Tiruchendurai Vaidyanatha Seshagiri Iyer (1860–1926) was an Indian lawyer and politician who served as a judge of the Madras High Court and represented the University of Madras in the Madras Legislative Council. Seshagiri Iyer was born in 1860 in a village in Tiruchirapalli district. He had his early education in his village and studied law in Madras. He served as a member of the Madras Legislative Council. Seshagiri Iyer was known for his public work.

== Early life ==
Seshagiri Iyer was born to Vaidyanatha Iyer in the village of Tiruchendurai in Tiruchirapalli district in 1860. He was one of Vaidyanatha Iyer's six children through his second wife, Komali, the other five being girls. Vaidynatha Iyer also had six sons namely, Mannarswamy, Ramu, Venkataraman and Subbaraman through another wife. Seshagiri Iyer's sisters were Sanamma, Seethalakshmi, Thailambal, Subbammal and Kalyani. Mannarswamy looked after the early education of his younger siblings in the family. Seshagiri Iyer married Kalyani and had two daughters Bhagi and Nagammal.
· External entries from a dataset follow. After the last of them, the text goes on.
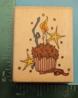 CUPCAKE with CANDLE Confetti Rubber Stamp by Uptown Birthday Celebration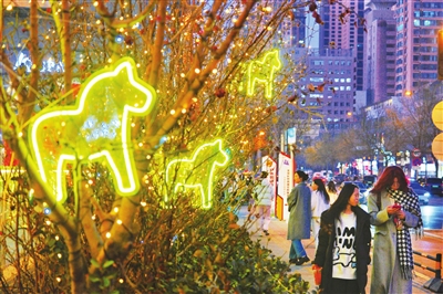 1月18日,小店区体育西路道路两旁的树上悬挂起以“马”为主题的装饰灯串,营造出浓厚的迎春氛围。 王韵菲 摄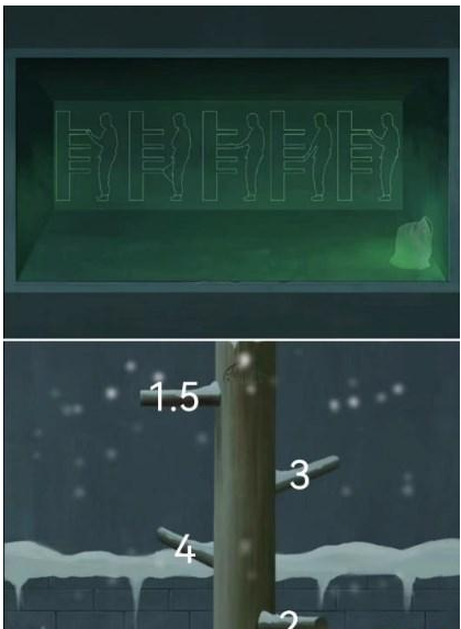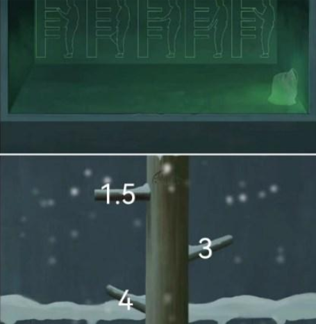 15、浑天仪雪,梅花开了,打开下面密码锁左54、右36得到一半的圆盘,倒流瀑布用青铜锤杖敲碎放入圆盘。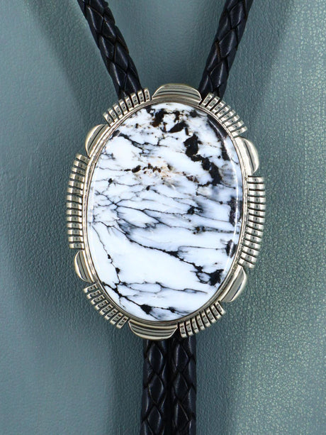 Navajo Made Sterling Silver White Buffalo Bolo Tie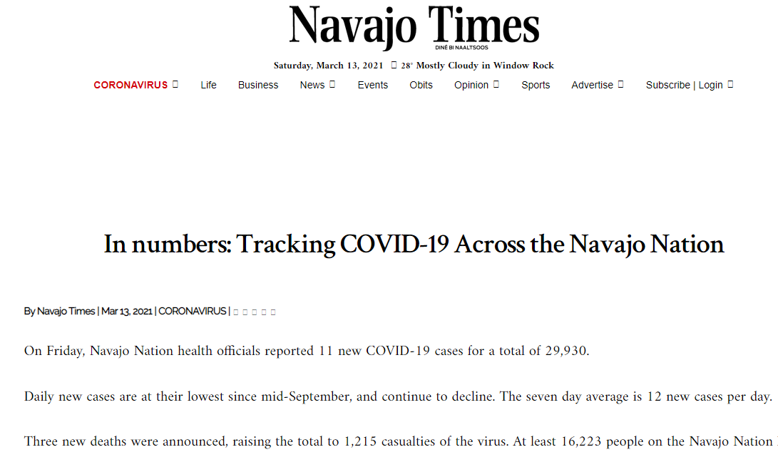 This article reports the latest Navajo Nation pandemic statistics including the number of new cases per day and percent of Indigenous Peoples who have received the COVID-19 vaccinations.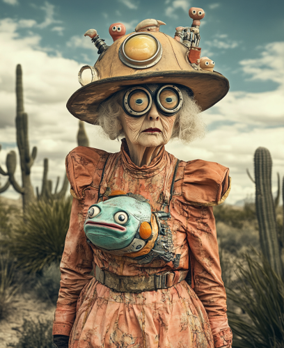 Alejandro Jordowsky surreal acid western futuristic style photography of an old grandma wearing a tank hat and a futuristic fish mechanical dress in front of a surreal desert with cactus with cute eyes and big mouths --ar 9:11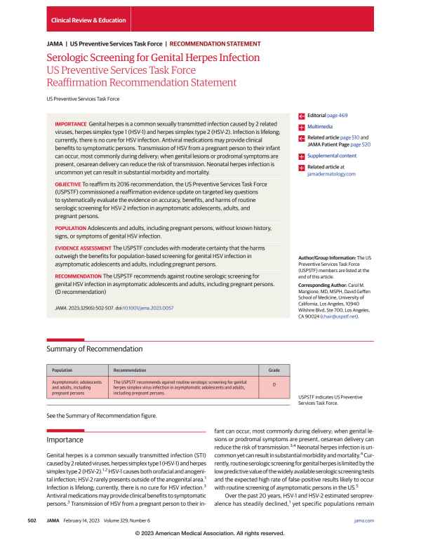 Serologic Screening for Genital Herpes Infection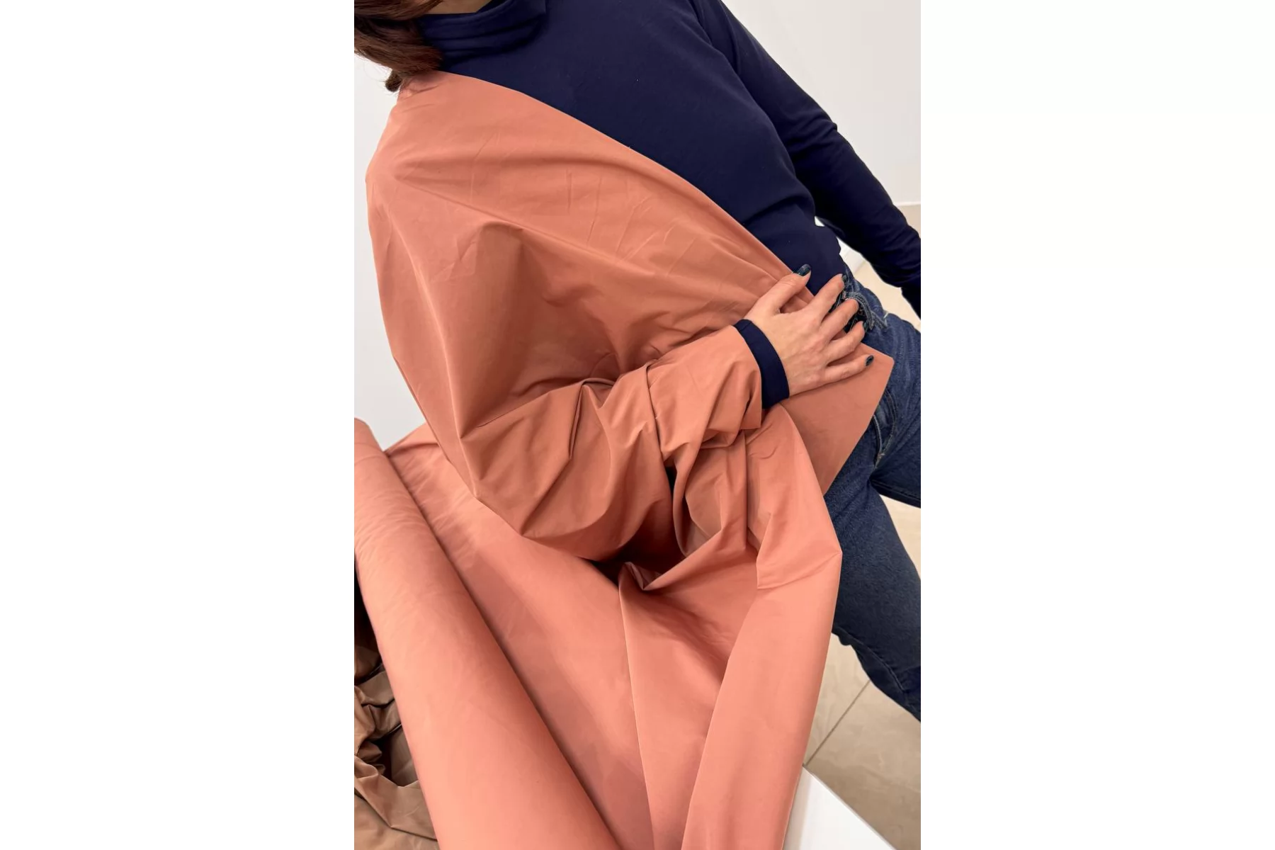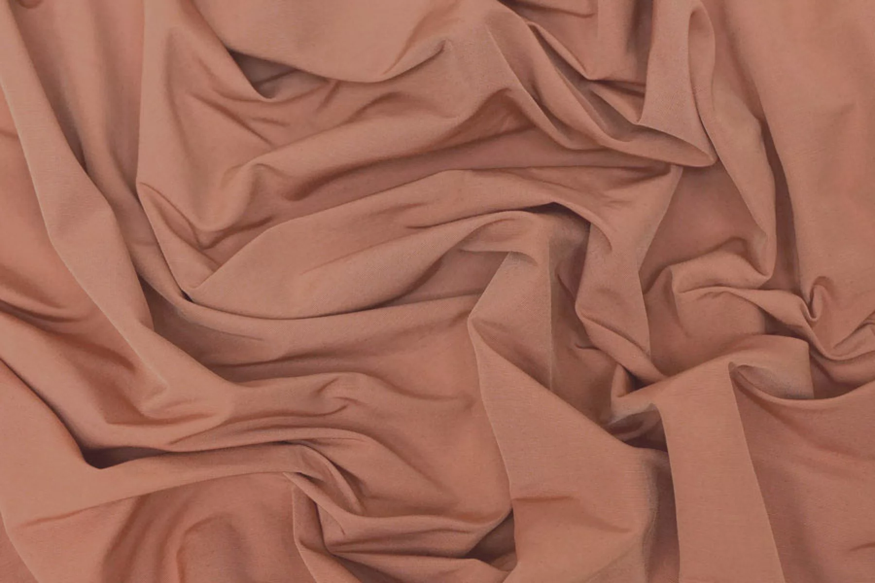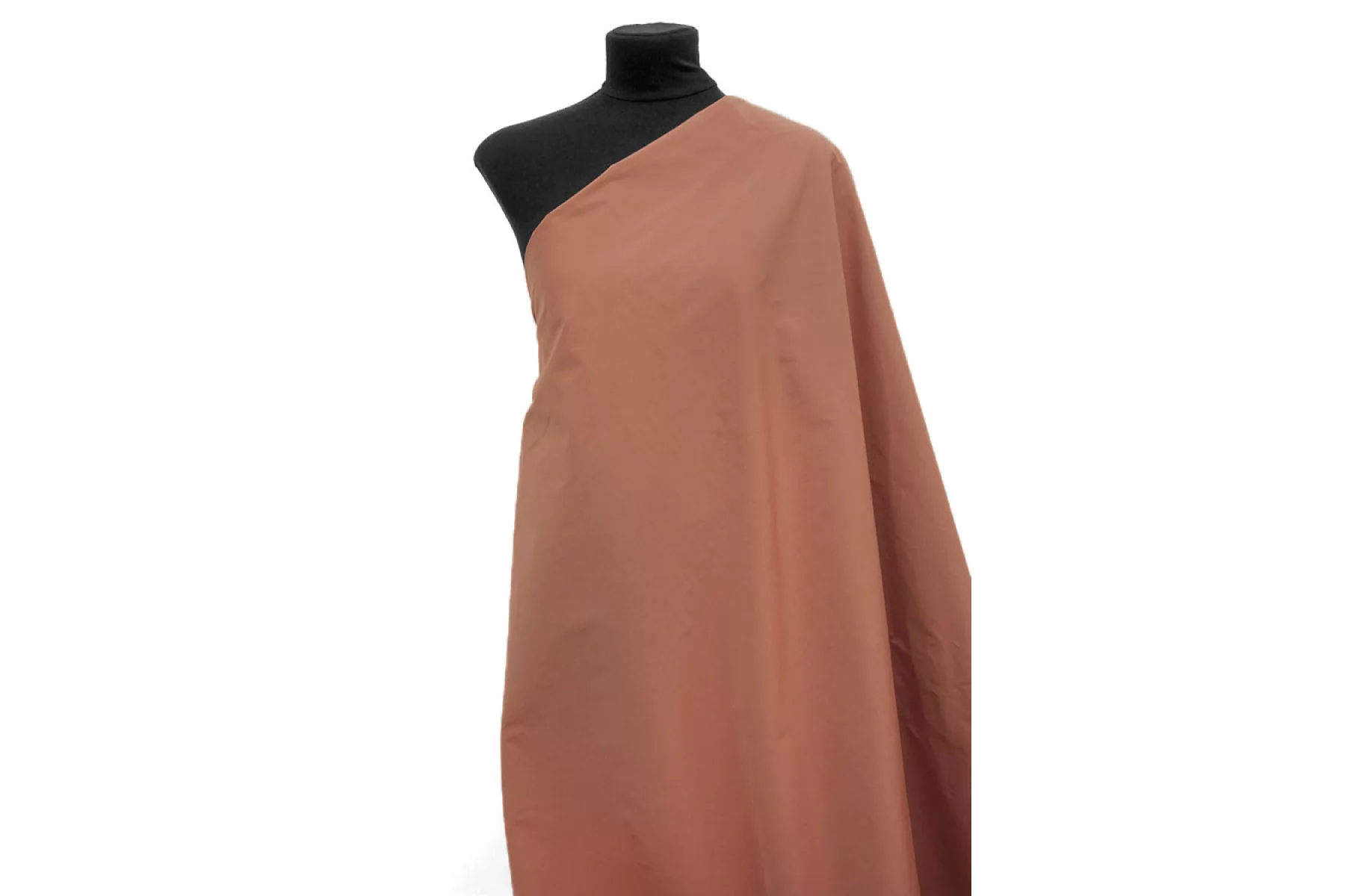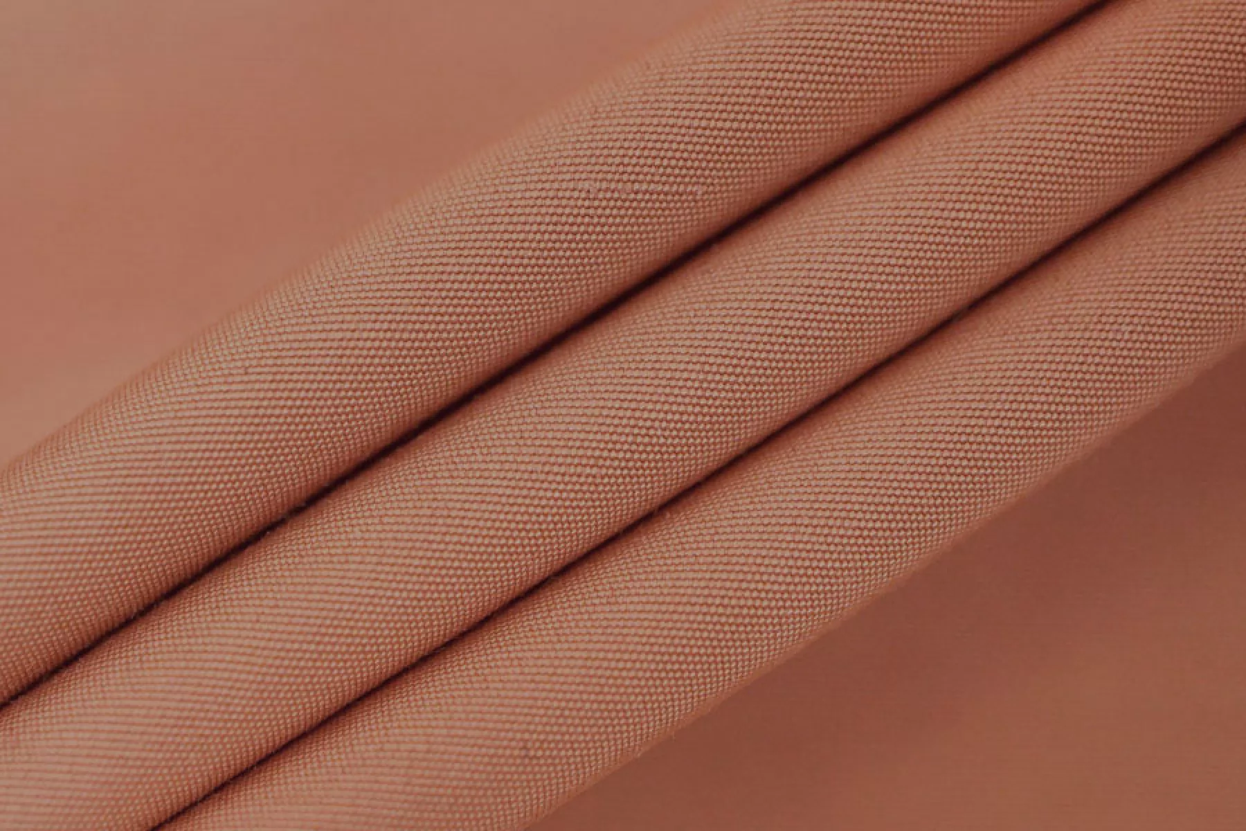 Плащевый водоотталкивающий хлопок мелкого репсового плетения в сложном персиково-терракотовом оттенке. Тактильно приятный, мягкий, слегка шуршащий, немного напоминает тафту. Капли не держит, но достаточно быстро впитывает в поверхность материала. Сминается, частично восстанавливается. Обладает приятным лоском. Не просвечивает. Хорошо драпируется и держит форму. Вариант на плащи, тренчи, жакеты, бомберы, куртки и не только.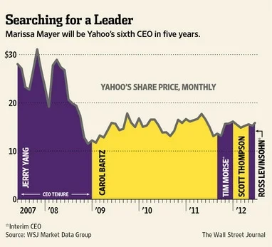 Let's hope this one sticks around. Marissa Mayer, former Google VP, will be Yahoo's sixth leader in just five years. Mayer follows Scott Thompson, fired for misleading academic information on his resume, and Carol-"I've-just-been-fired-over-the-phone"-Bartz (and two interim CEOs in between).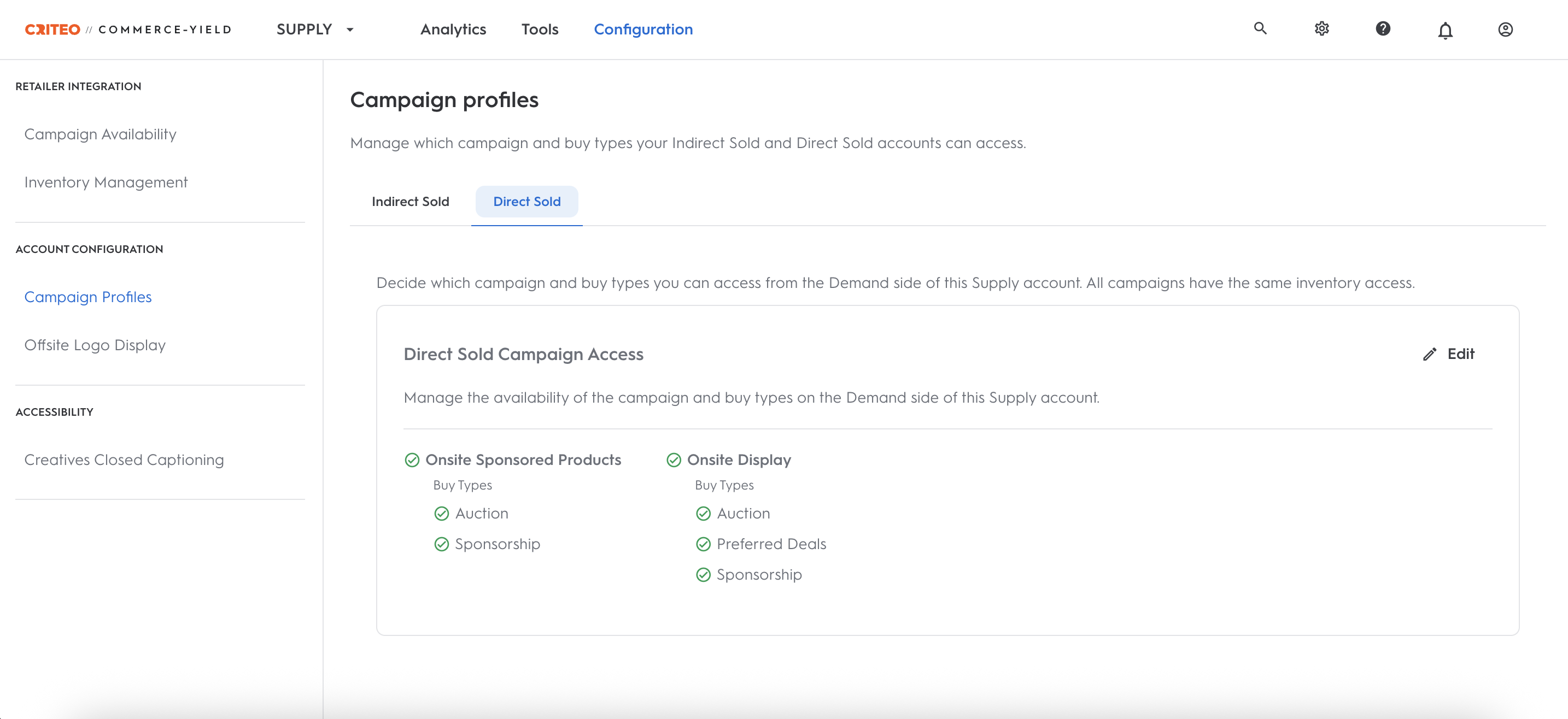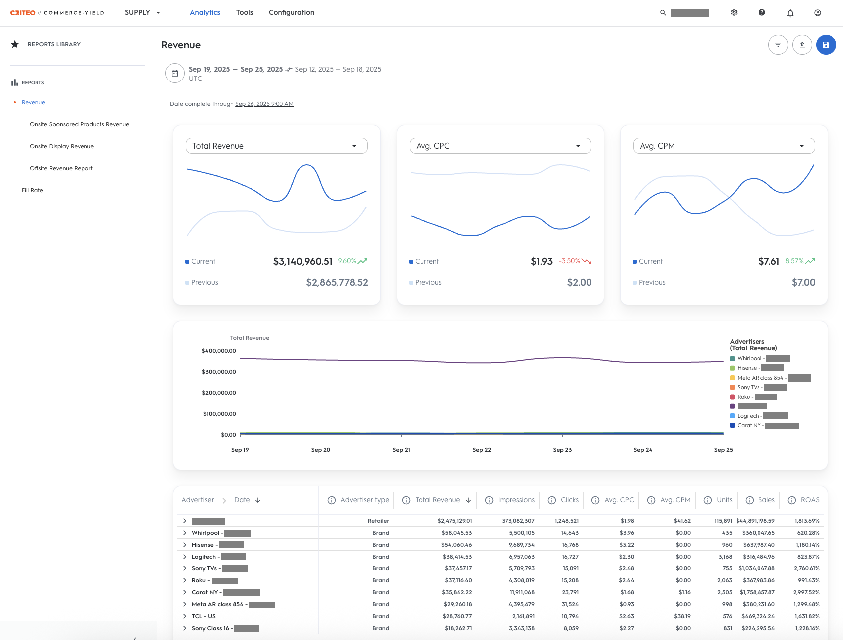 Criteo Commerce Yield | N/A | Commerce Yield is a monetization platform built for retailers and marketplaces to unlock new revenue streams from their digital properties and first-party data. With modular solutions (ranging from a white-label self-service platform to APIs), Commerce Yield powers direct demand while also improving incremental growth through brand, agency, and partner integrations. Commerce Yield’s retail media technology aims to ensure ad relevancy, optimize campaign performance, and deliver closed-loop… | N/A | |

The family settled down in Alwarpet, Chennai.

== Career ==
=== Legal career ===
On completion of his studies, Seshagiri Iyer joined as an apprentice of the famous Madras lawyer of British origin, Eardley Norton. During this time, Seshagiri Iyer was responsible for the Hindu Transfers and Bequests Act of 1914. This act is now popularly known as the "Seshagiri Ayyar Act". Seshagiri Iyer served as a judge of the Madras High Court from 1914 to 1920.

His name was considered for Diwan Bahadurship but was ultimately rejected by the Governor in favor of K. Narayana Row.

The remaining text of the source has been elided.